=== What you are asked to do ===
Starting at the first line of the listing below, repeat each line exactly until the line containing "为有牺牲多壮志,敢教日月换新", which you include. Leave out pictures.

=== Recorded information ===
--- START ---
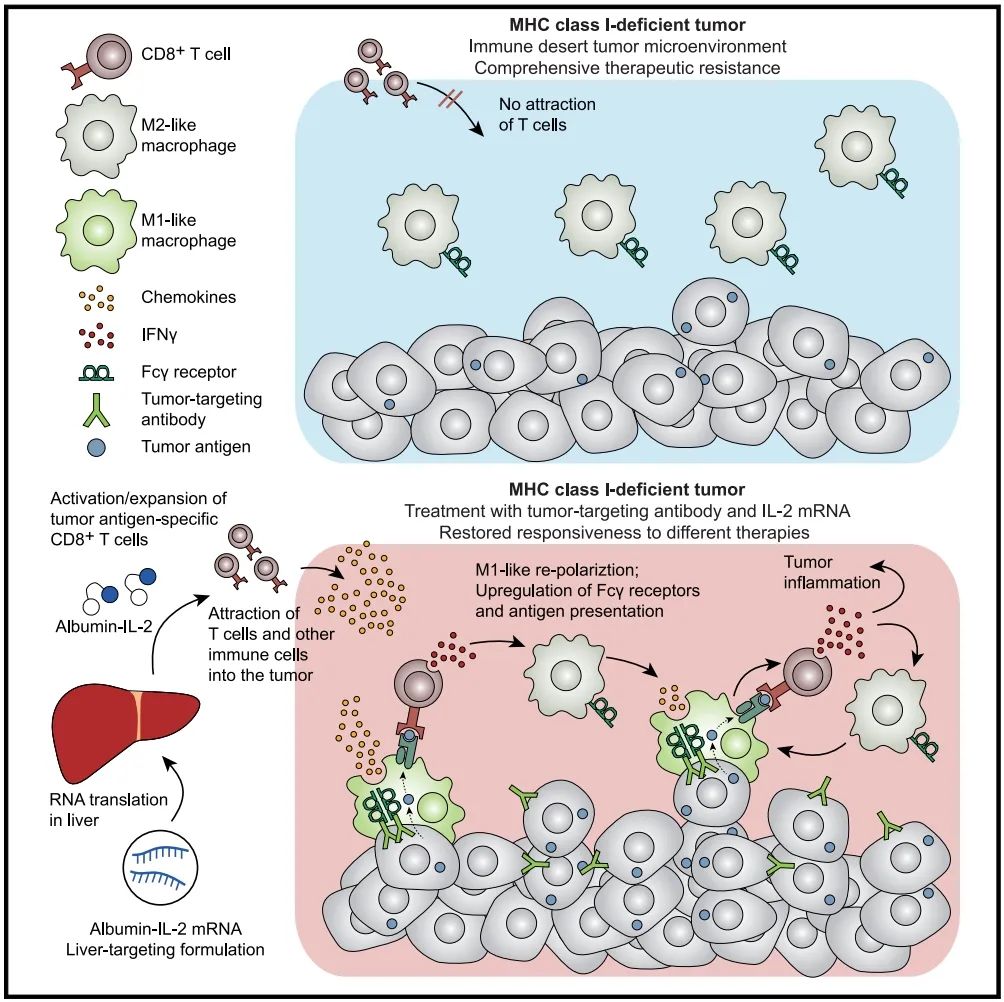 主要组织相容性复合体(MHC)I类抗原呈递缺陷是癌症免疫逃逸的常见机制,但对其机制和解决这一挑战的潜在策略仍然了解不足。通过β2-微球蛋白(B2M)缺陷的小鼠肿瘤模型,研究者发现MHC I类缺失导致肿瘤微环境(TME)的大量免疫荒漠化以及对免疫、化疗和放疗的广泛抵抗。该研究还展示了通过mRNA技术编码持久性IL-2进行治疗可以恢复免疫细胞浸润、IFNγ促进的高度炎症的TME特征,并且当与针对肿瘤的单克隆抗体(mAB)联合使用时,可以克服治疗抗性。意外的是,这种治疗的有效性是由释放IFNγ的CD8+ T细胞驱动的,这些细胞识别由TME中活化的巨噬细胞交叉呈递的新抗原。在IL-2治疗下,这些巨噬细胞获得了增强的抗原呈递能力和其他M1表型相关特征。该研究的发现强调了在治疗MHC I类缺陷癌症中恢复新抗原特异性免疫应答的重要性。
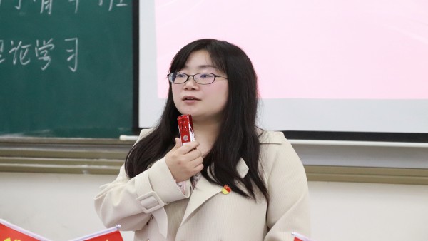 为有牺牲多壮志,敢教日月换新天。随后,邓欢欢同学带领全体学员学习了夏明翰烈士身处险境也绝不屈服的革命信念。一枚含血的唇印,一句最后的叮咛,见证了夏明翰对妻子忠贞不渝的革命爱情,也揭示出一位共产党人矢志追求真理的家国情怀,他用生命践行着“为党和人民牺牲一切”的入党誓词,用血肉彰显着共产党员的铮铮铁骨。她讲到,作为新时代青年学子,我们更要以夏明翰烈士为榜样,把夏明翰精神作为提升思想境界的重要保障和践行初心使命的不竭动力,不断继承革命先烈遗志,为实现中华民族伟大复兴的中国梦注入源源不断的青春力量。
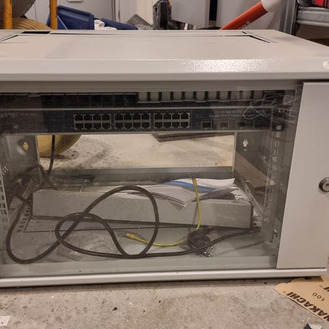 Netværkskomponent i rack-format med flere netværksporte på fronten. Enheden er egnet til brug i netværksinstallationer, f.eks. i mindre serverrum eller netværksskabe. Forbindelserne på fronten giver mulighed for tilslutning af flere netværksenheder.
--- END ---
=== Exercise response ===
 主要组织相容性复合体(MHC)I类抗原呈递缺陷是癌症免疫逃逸的常见机制,但对其机制和解决这一挑战的潜在策略仍然了解不足。通过β2-微球蛋白(B2M)缺陷的小鼠肿瘤模型,研究者发现MHC I类缺失导致肿瘤微环境(TME)的大量免疫荒漠化以及对免疫、化疗和放疗的广泛抵抗。该研究还展示了通过mRNA技术编码持久性IL-2进行治疗可以恢复免疫细胞浸润、IFNγ促进的高度炎症的TME特征,并且当与针对肿瘤的单克隆抗体(mAB)联合使用时,可以克服治疗抗性。意外的是,这种治疗的有效性是由释放IFNγ的CD8+ T细胞驱动的,这些细胞识别由TME中活化的巨噬细胞交叉呈递的新抗原。在IL-2治疗下,这些巨噬细胞获得了增强的抗原呈递能力和其他M1表型相关特征。该研究的发现强调了在治疗MHC I类缺陷癌症中恢复新抗原特异性免疫应答的重要性。
 为有牺牲多壮志,敢教日月换新天。随后,邓欢欢同学带领全体学员学习了夏明翰烈士身处险境也绝不屈服的革命信念。一枚含血的唇印,一句最后的叮咛,见证了夏明翰对妻子忠贞不渝的革命爱情,也揭示出一位共产党人矢志追求真理的家国情怀,他用生命践行着“为党和人民牺牲一切”的入党誓词,用血肉彰显着共产党员的铮铮铁骨。她讲到,作为新时代青年学子,我们更要以夏明翰烈士为榜样,把夏明翰精神作为提升思想境界的重要保障和践行初心使命的不竭动力,不断继承革命先烈遗志,为实现中华民族伟大复兴的中国梦注入源源不断的青春力量。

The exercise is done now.